Lazier Than Lazy Greedy
This provides a faster algorithm for data summarization tasks like kernel methods and sensor placement, representing a novel method for a known bottleneck.
The paper tackles the problem of maximizing monotone submodular functions under cardinality constraints by introducing STOCHASTIC-GREEDY, a randomized algorithm that achieves a (1-1/e-ε) approximation guarantee in linear time, independent of the constraint size, and empirically matches the utility of lazy greedy while running much faster.
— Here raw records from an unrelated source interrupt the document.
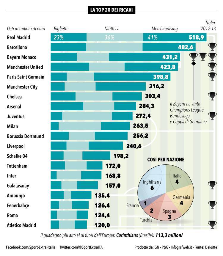 TOP 20 RICAVI – Non è un periodo di vacche grasse per il calcio italiano e se ne può avere l’ennesima conferma osservando la top 20 delle squadre europee dai ricavi più alti. Questi derivano da tre fonti di guadagno: i biglietti venduti nelle partite casalinghe, i diritti tv e il merchandising. In questa foto tratta da Sport Extra troviamo i club più ricchi del continente. Al comando resta saldo il Real Madrid con l’immenso fatturato di 518.9 milioni di euro seguito dal Barcellona a 482.6 milioni di euro; terzo posto per il Bayern di Guardiola (431.2 milioni di euro). La prima italiana è la Juventus in posizione numero nove con ricavi pari a 272.4 milioni di euro: il Milan segue al decimo posto con 263.5 milioni di euro. Soltanto quindicesima l’Inter (168.8) mentre la Roma è diciannovesima (124.4).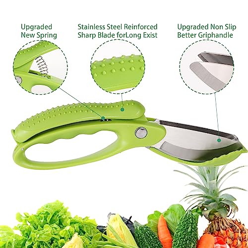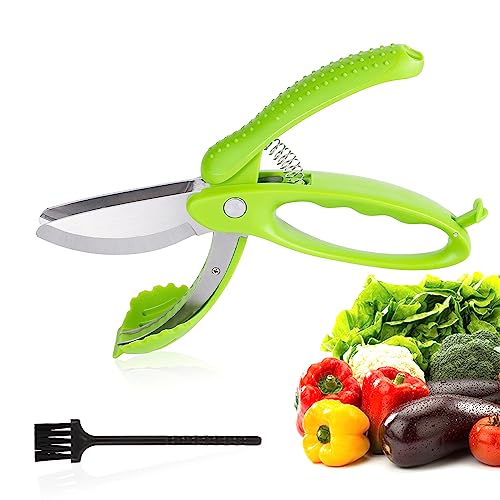 Salad Scissors, Salad Chopper with Cleaning Brush Stainless Steel Toss and Chop Salad Tong Lettuce Scissors for Salad Scissors Heavy Duty Kitchen Salad Scissors for Kitchen Home Cutting Tool (Green)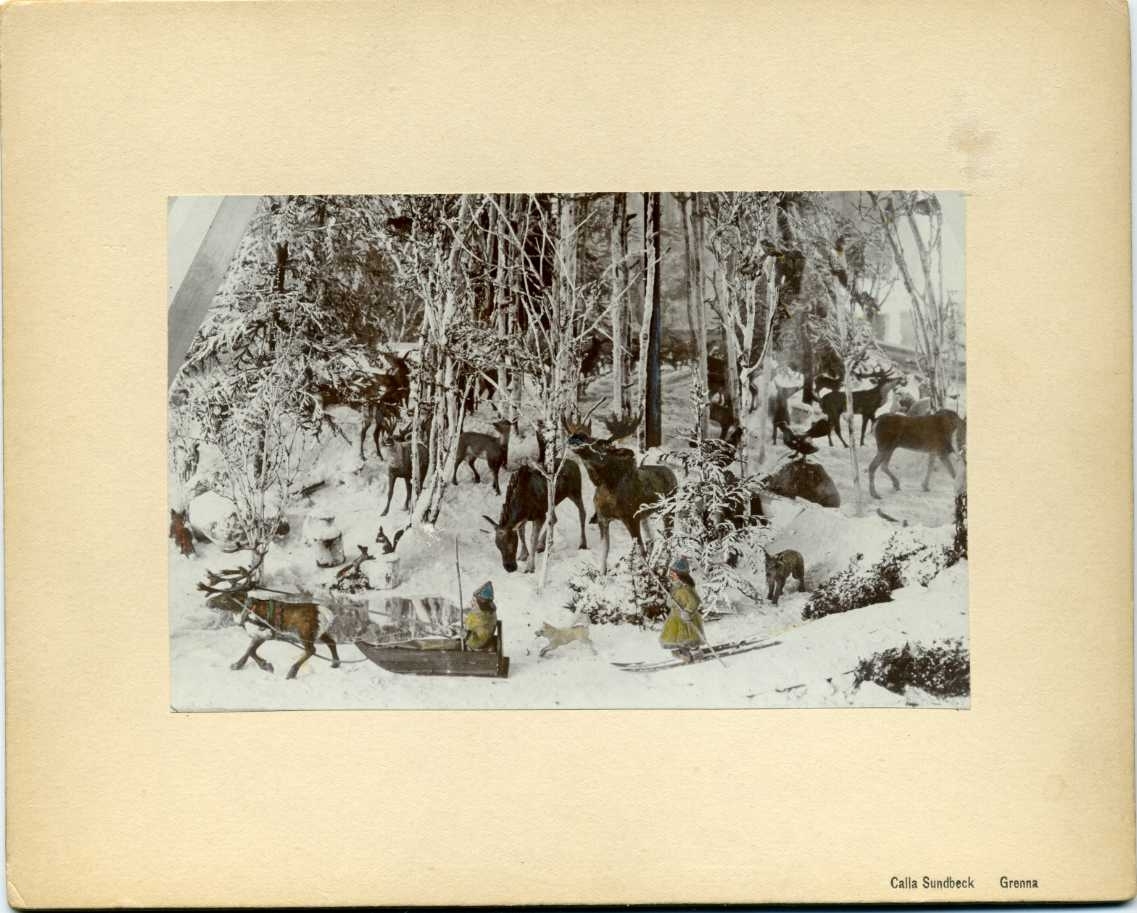 Fotografi av Fredrik Hård af Segerstads diorama med skulpterade figurer från livet på landet i Reaby: "Biologi i skulptur". I dioramat syns bland annat hästar, fåglar och fjäderfä. Färglagt fotografi.

Is it possible to maximize a monotone submodular function faster than the widely used lazy greedy algorithm (also known as accelerated greedy), both in theory and practice? In this paper, we develop the first linear-time algorithm for maximizing a general monotone submodular function subject to a cardinality constraint. We show that our randomized algorithm, STOCHASTIC-GREEDY, can achieve a $(1-1/e-\varepsilon)$ approximation guarantee, in expectation, to the optimum solution in time linear in the size of the data and independent of the cardinality constraint. We empirically demonstrate the effectiveness of our algorithm on submodular functions arising in data summarization, including training large-scale kernel methods, exemplar-based clustering, and sensor placement. We observe that STOCHASTIC-GREEDY practically achieves the same utility value as lazy greedy but runs much faster. More surprisingly, we observe that in many practical scenarios STOCHASTIC-GREEDY does not evaluate the whole fraction of data points even once and still achieves indistinguishable results compared to lazy greedy.